:: Given entries ::
-*-*-

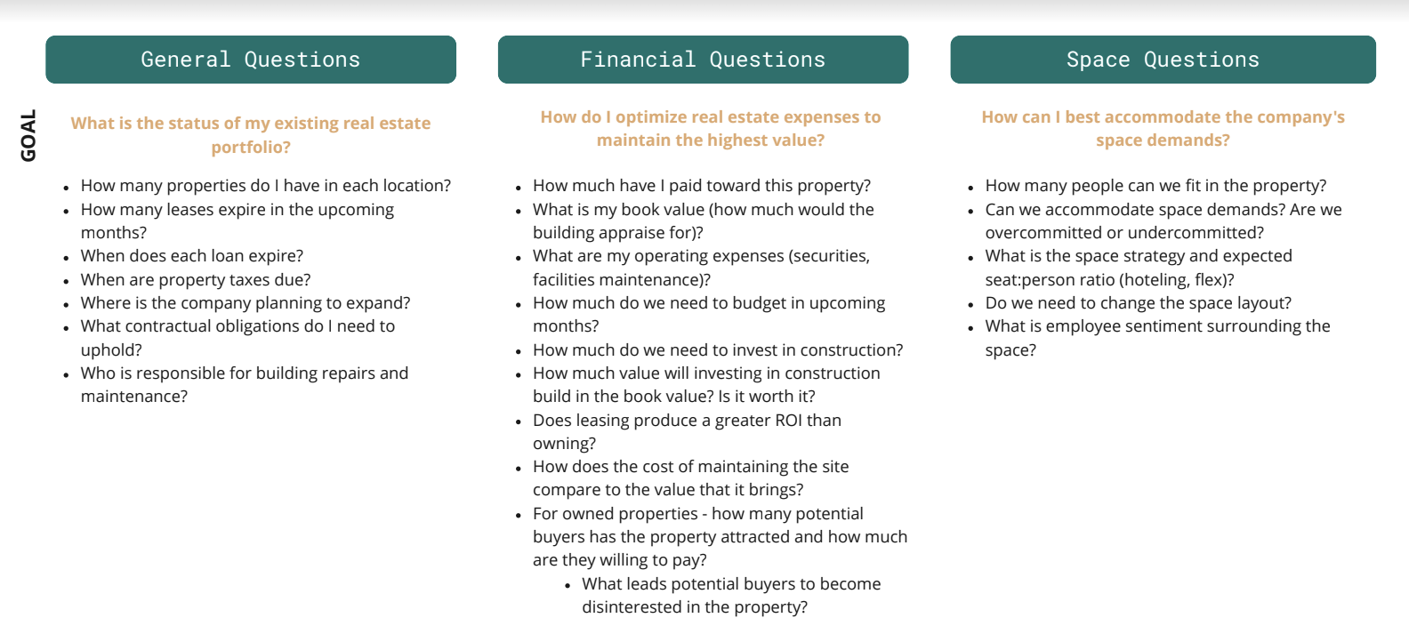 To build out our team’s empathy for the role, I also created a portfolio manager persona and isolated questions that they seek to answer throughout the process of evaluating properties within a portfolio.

-*-*-

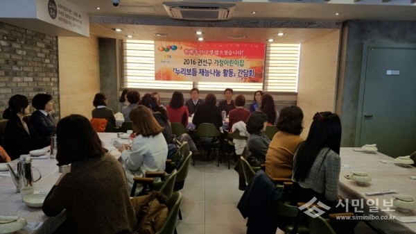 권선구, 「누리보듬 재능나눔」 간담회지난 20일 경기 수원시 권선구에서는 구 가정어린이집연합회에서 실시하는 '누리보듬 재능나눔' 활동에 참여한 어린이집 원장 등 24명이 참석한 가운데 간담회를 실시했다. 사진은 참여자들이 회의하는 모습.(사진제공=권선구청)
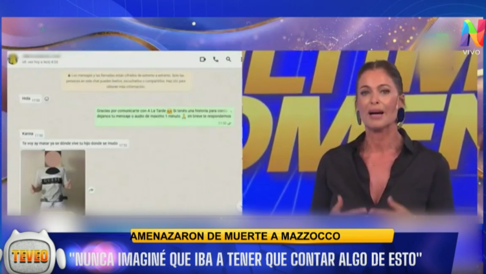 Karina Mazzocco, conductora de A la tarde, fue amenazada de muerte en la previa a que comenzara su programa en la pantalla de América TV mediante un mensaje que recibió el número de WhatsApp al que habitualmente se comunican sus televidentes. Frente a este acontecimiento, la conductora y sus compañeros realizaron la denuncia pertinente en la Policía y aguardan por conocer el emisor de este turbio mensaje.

-*-*-

:: Task objective ::
Find the line with "권선구, 「누리보듬 재능나눔」" in the entries above. Set down exactly every line from it up to and including the line with "Karina Mazzocco, conductora", images excluded.

:: Finished task ::
 권선구, 「누리보듬 재능나눔」 간담회지난 20일 경기 수원시 권선구에서는 구 가정어린이집연합회에서 실시하는 '누리보듬 재능나눔' 활동에 참여한 어린이집 원장 등 24명이 참석한 가운데 간담회를 실시했다. 사진은 참여자들이 회의하는 모습.(사진제공=권선구청)
 Karina Mazzocco, conductora de A la tarde, fue amenazada de muerte en la previa a que comenzara su programa en la pantalla de América TV mediante un mensaje que recibió el número de WhatsApp al que habitualmente se comunican sus televidentes. Frente a este acontecimiento, la conductora y sus compañeros realizaron la denuncia pertinente en la Policía y aguardan por conocer el emisor de este turbio mensaje.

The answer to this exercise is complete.